==== RECORDS TO USE ====
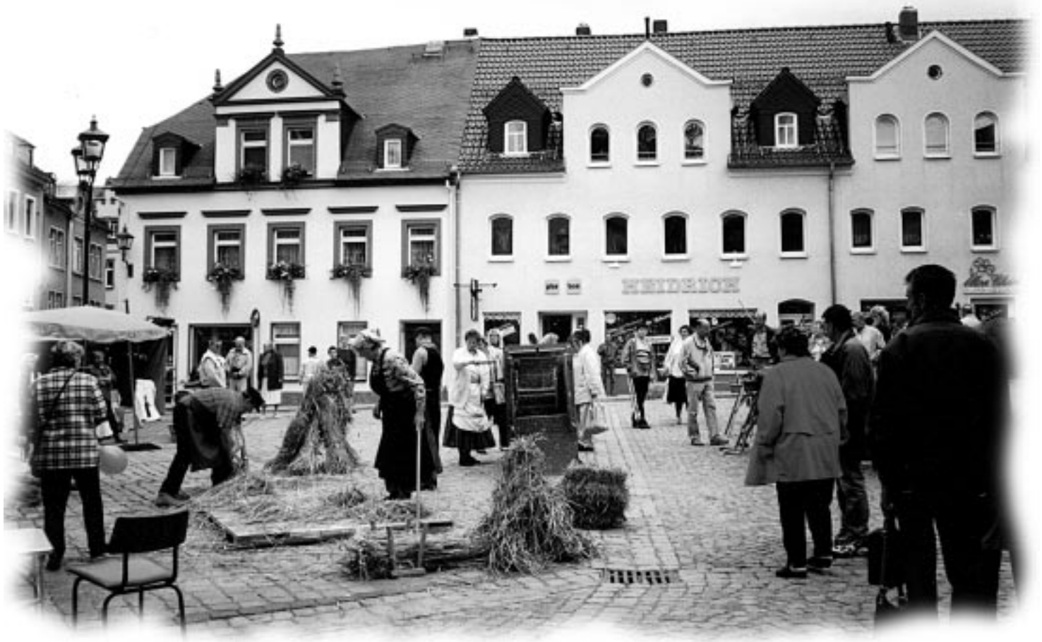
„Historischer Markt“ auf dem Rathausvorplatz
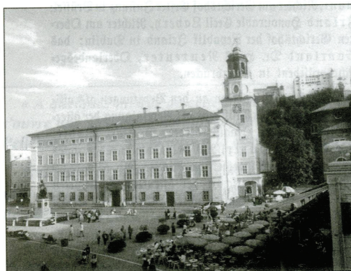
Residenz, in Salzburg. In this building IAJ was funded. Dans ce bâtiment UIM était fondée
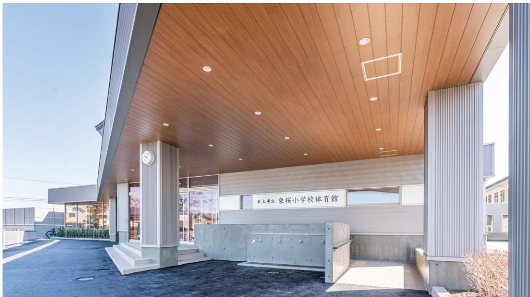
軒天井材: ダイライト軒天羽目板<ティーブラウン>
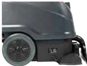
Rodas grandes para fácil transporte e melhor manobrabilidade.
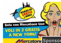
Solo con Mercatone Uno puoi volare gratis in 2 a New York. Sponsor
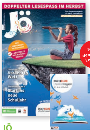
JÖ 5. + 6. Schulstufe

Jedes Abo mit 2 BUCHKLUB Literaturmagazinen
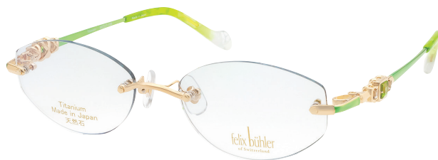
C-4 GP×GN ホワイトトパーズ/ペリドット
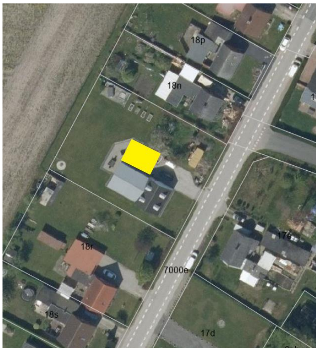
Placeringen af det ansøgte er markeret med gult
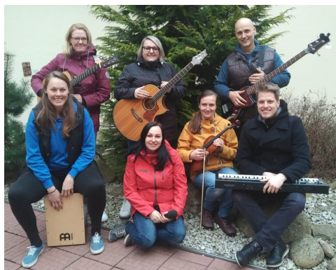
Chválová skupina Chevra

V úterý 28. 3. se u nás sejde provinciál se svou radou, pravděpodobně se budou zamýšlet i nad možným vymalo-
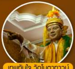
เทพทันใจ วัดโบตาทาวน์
====
==== RECORDS TO USE ====
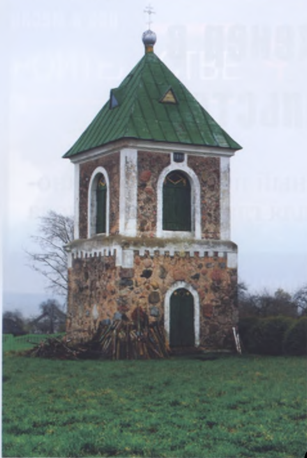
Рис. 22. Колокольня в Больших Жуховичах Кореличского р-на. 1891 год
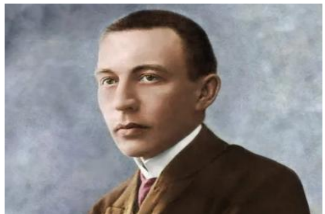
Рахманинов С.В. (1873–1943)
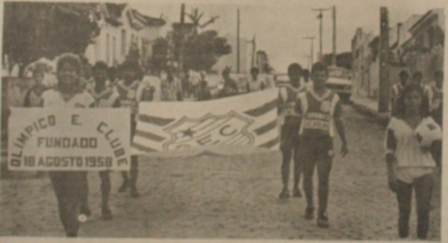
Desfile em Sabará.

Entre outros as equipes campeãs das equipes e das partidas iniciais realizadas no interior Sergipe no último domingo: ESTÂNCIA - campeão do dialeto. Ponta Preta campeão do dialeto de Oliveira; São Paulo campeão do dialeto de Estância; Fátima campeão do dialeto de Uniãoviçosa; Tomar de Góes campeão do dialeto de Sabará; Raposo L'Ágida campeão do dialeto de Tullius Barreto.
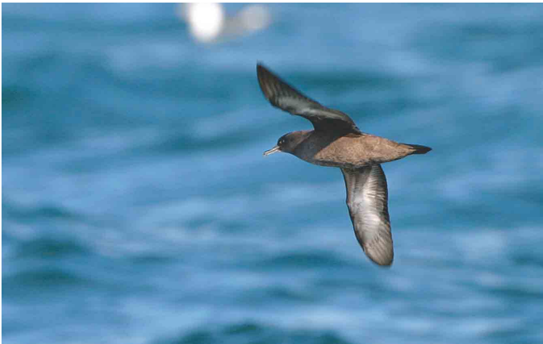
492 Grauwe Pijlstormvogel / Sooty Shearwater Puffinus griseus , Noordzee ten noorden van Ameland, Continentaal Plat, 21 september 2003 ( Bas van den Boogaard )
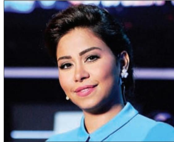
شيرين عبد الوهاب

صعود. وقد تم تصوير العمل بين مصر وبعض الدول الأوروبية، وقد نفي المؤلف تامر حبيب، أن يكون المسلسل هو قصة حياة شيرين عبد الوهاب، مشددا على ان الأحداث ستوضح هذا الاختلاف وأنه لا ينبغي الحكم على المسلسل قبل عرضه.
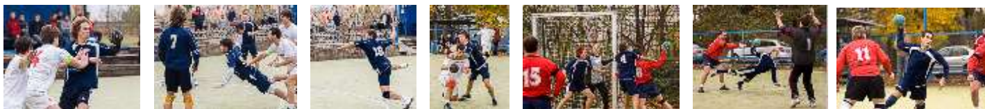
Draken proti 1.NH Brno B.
====
==== RECORDS TO USE ====
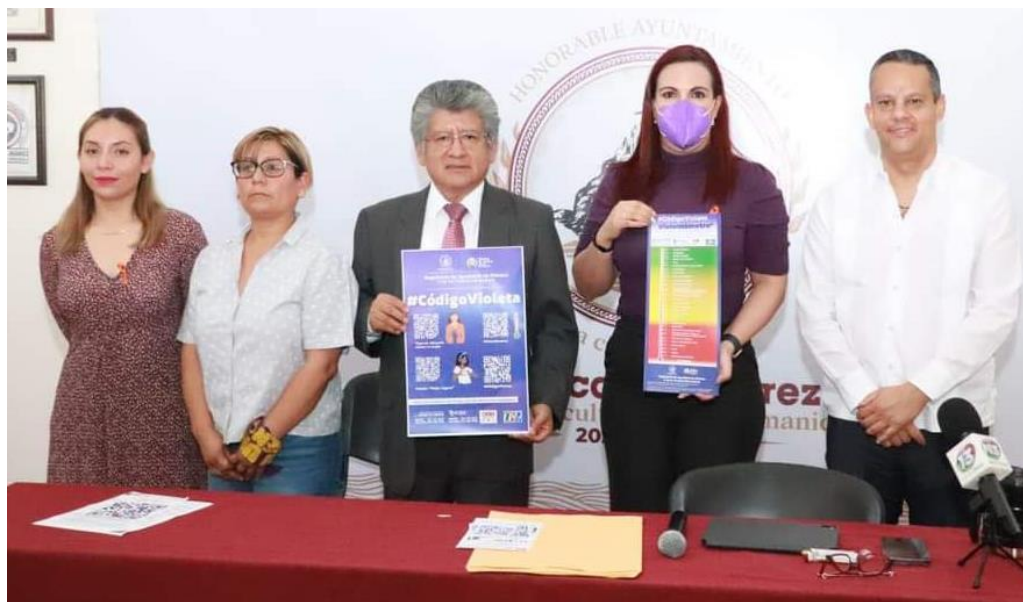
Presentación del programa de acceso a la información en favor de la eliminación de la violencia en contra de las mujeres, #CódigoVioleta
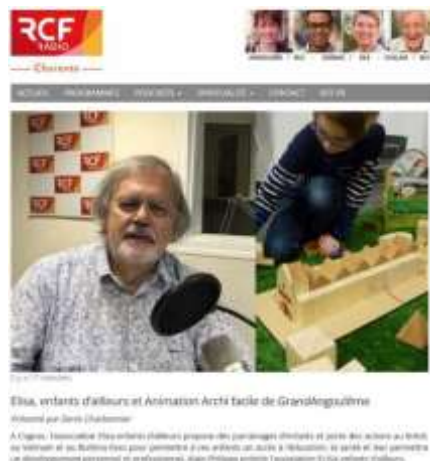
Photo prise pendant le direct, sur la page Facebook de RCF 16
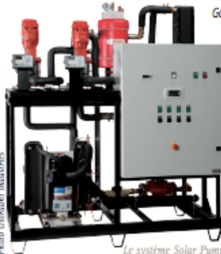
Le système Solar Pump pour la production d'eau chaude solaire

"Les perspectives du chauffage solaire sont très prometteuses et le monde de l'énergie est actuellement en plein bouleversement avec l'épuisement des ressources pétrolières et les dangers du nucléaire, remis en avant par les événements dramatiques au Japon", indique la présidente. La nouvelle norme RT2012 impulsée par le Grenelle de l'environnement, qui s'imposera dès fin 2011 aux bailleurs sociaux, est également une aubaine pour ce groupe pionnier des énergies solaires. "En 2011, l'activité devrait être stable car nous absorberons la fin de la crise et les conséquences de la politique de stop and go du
====
§ ASSIGNED TASK: Your copy should hold the lines from the one with "C-4 GP×GN ホワイトトパーズ/ペリドット" up to and including the one with "เทพทันใจ วัดโบตาทาวน์", exactly as in the data above, and no pictures.

§ TASK ANSWER:
C-4 GP×GN ホワイトトパーズ/ペリドット
Placeringen af det ansøgte er markeret med gult
Chválová skupina Chevra

V úterý 28. 3. se u nás sejde provinciál se svou radou, pravděpodobně se budou zamýšlet i nad možným vymalo-
เทพทันใจ วัดโบตาทาวน์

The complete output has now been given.